Three years ago: Intel's MMX extensions blunder

After already receiving plenty of stick from august UK organisations
like the BBC, mighty Intel faced the combined might of 200 more
journalists at the launch of its MMX Pentiums a few weeks back.
But this time, the audience included tabloid hacks and many of
them wanted answers.

Pity then that after a lacklustre presentation by Ian Wilson, a
European technology marketing manager, the assembled mass
were only given 10 minutes for a Q&A session. The question many
wanted to know was why Intel had waited until the Christmas
selling season was over before it introduced chips which obsoleted
the family that went before.

Although Wilson insisted that Pentium chips before the arrival of
MMX were not obsolete, his stance was more than a little
undermined by an earlier presentation by Gateway 2000 when the
company announced that it had obsoleted Pentium 150s and 166s
and replaced them with Pentium 150MMX and Pentium 166MMX
processors.

Nor was Intel highly convincing about the arrival of the Pentium Pro
as a home consumer platform later this year with the introduction of
Klamath processors.

Although our sources tell us that the plug-in card is now delayed,
Gateway said two hours earlier that it would, in fact, introduce a
Klamath (that is a Pentium Pro on a card) for Christmas 1997.

The lacklustre presentation was only mildly improved by a
demonstration of software by Intel. It showed us four titles, one or
two of which were pretty good-looking although the car-race one
which Wilson seemed to like looked more like a race around the
bowels of La Defence in Paris to us.

And as Microsoft sources tell The Register that it, at least, won't
ship its games titles until this Christmas, that leaves Intel in a bit of
a sorry mess.

Will the poor punters be able to upgrade their expensive Christmas
home PCs? Again, Intel was more than a little evasive. The answer
is, "yes they will" but there is no price for an Overdrive nor is there
a date for one either. If an OEM was clever enough to have
designed an Intel motherboard in what Wilson described as a
"flexible" way, then people could plug in an MMX chip.

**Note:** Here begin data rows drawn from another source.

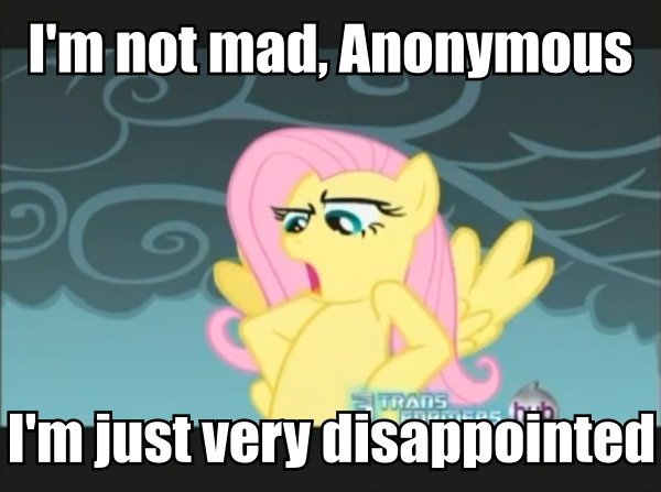 Spike: Hey, you're Anonymous, aren't you? You're the one Twilight keeps talking about— Twilight: SPIKE! Spike: Oops, aheheh. I guess I wasn't supposed to tell you that part. |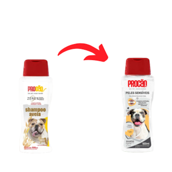 - Molhe completamente a pelagem do animal, protegendo os olhos, nariz e ouvidos. Aplique o Shampoo Peles Sensíveis Procão na quantidade suficiente para fazer espuma e espalhe por todo o corpo. Massageie durante alguns minutos e enxágue.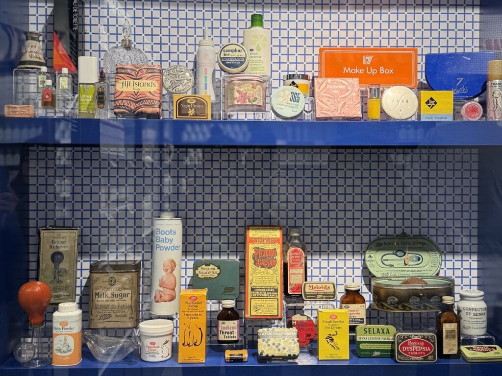 店内にはブーツのアンティークの瓶や缶が飾られていてこれもマニアにはたまらない演出になっていました。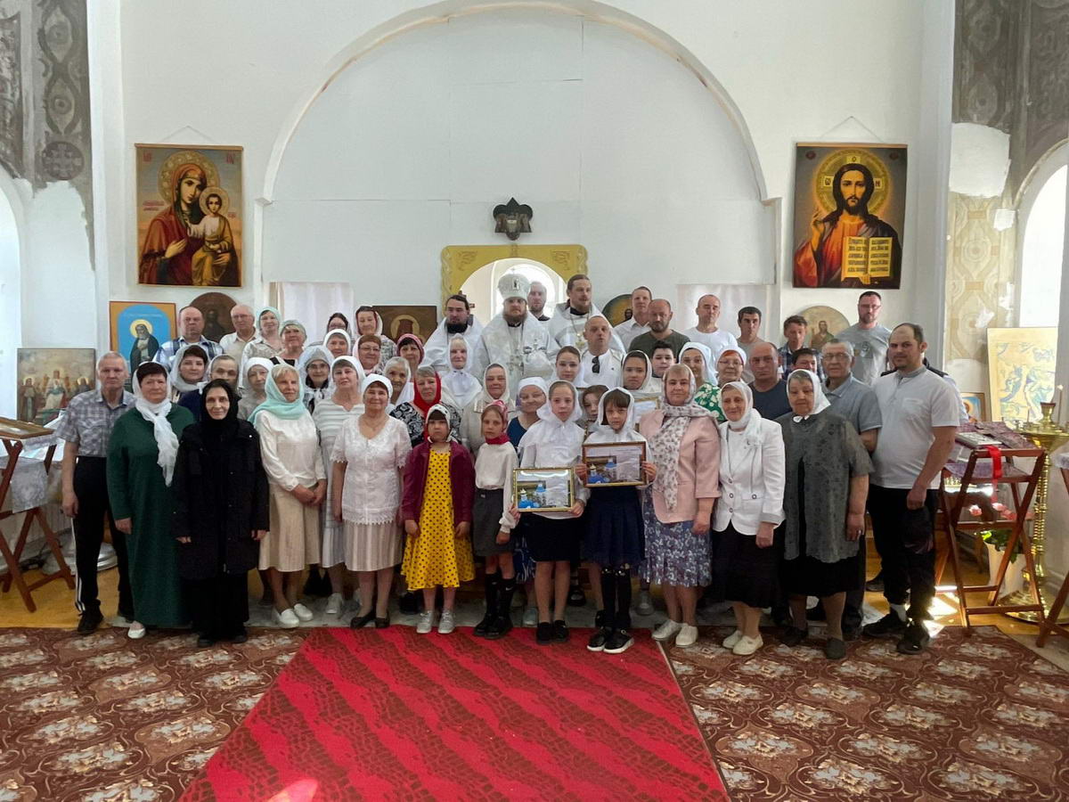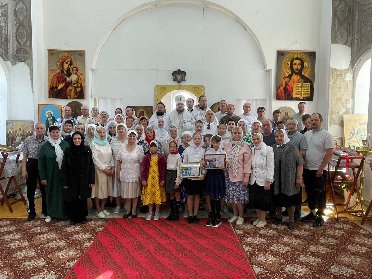 В завершение литургии состоялся Крестный ход вокруг храма, после чего епископ Сергий в своём архипастырском слове поблагодарил всех собравшихся за теплый прием. Кроме того, в этот важный для всех прихожан день Владыка Сергий вручил благодарственные письма школьникам из с. Голубковское за участие в подготовке престольного праздника и украшение храма. А ещё задолго до этого дня детей начали обучать звонить в колокола. И в этот праздничный день детишки после службы показали мастер-класс по колокольному звону для всех собравшихся.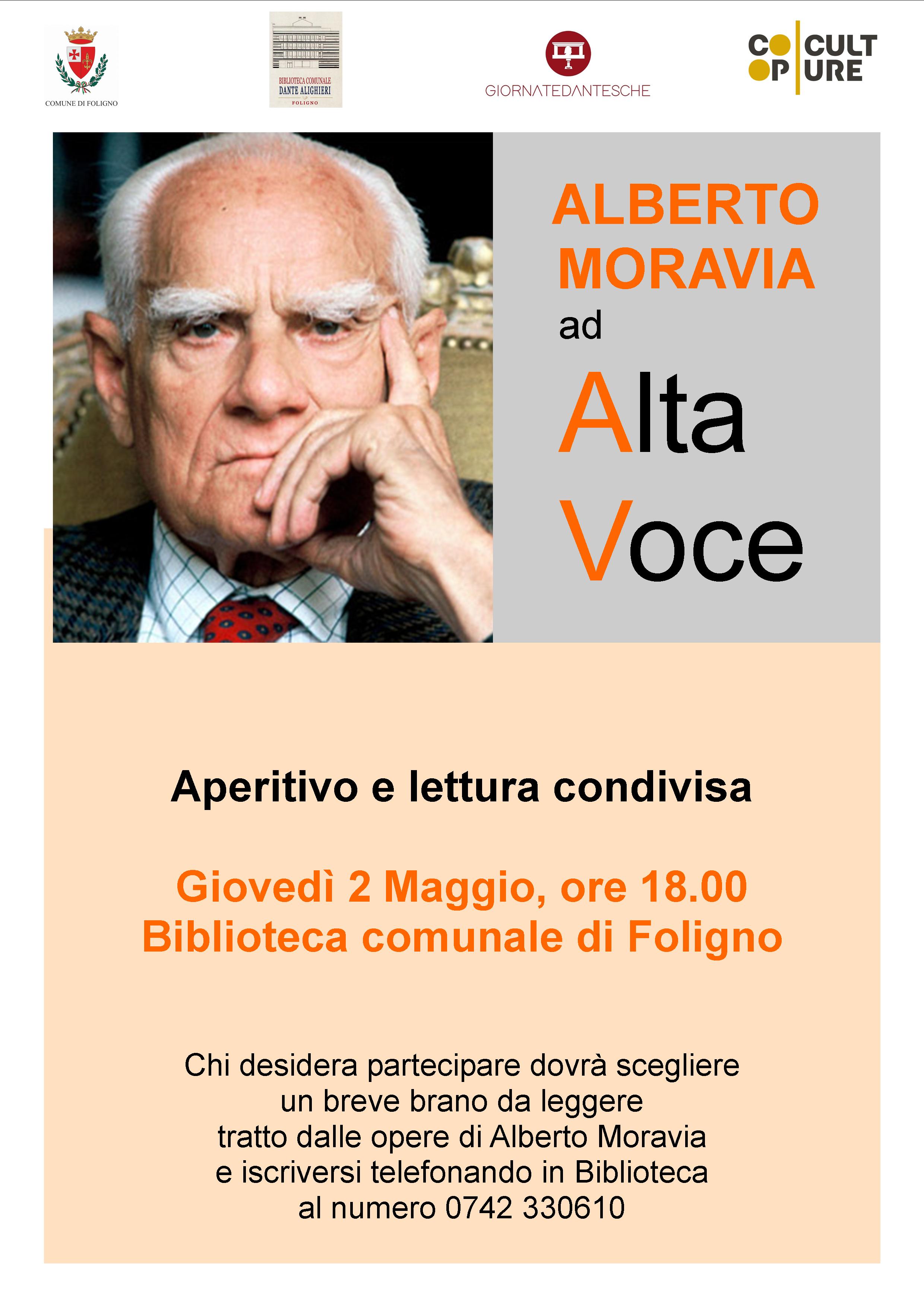 A seguito dell'incontro su Alberto Moravia, tenuto dal professor Simone Casini in occasione delle Giornate dantesche 2024, si rinnova l'appuntamento "Ad alta voce" in Biblioteca comunale, dedicato appunto allo scrittore Moravia. L'incontro si terrà giovedì 2 maggio alle ore 18, nella sala di lettura della Biblioteca centrale di Foligno in piazza del Grano.

All of this led to one distinguished journalist to break out in a bitter
diatribe against Intel for only giving 200 of the leading British hacks
a mere 10 minutes to answer the many questions begged by this
introduction.

Wilson's reply was that people could always talk to Intel staff
afterwards. Your staffers at The Register thought that was
possibly a fruitless endeavour. For us, not even a "happy new year"
greeting from spin doctor Gail Hall, an Intel staffer who still, on the
whole, feels very cheesed off that we know too much about
Klamath and Deschutes technology.

It was a frosty reception. Now The Register is not invited to
Thursday's party at Planet Hollywood south of Soho nor is The
Register allowed to hear Grove explain himself to 1000 IT
managers in London next week. Thank god for that.

Intel is likely to announce a name for Klamath later this month but
our sources at OEMs tell us that the technology is already delayed
because of heat problems.

The Dell Corporation appears to be getting the blame for being the
source of the leak which gave The Register its exclusive leak about
Deschutes et al last year. Poor Dell. Intel is said to be now
thoroughly revising its security techniques and changing the way it
delivers information to its OEMs.

No-one in the security wing at Santa Clara appears to have even
considered the possibility that rather than make things tighter for its
customers, it could try lightening up a little. ®

theregister.co.uk
______________________________________________________________________

The Register posted that article on their website so I felt it was proper to also post it here.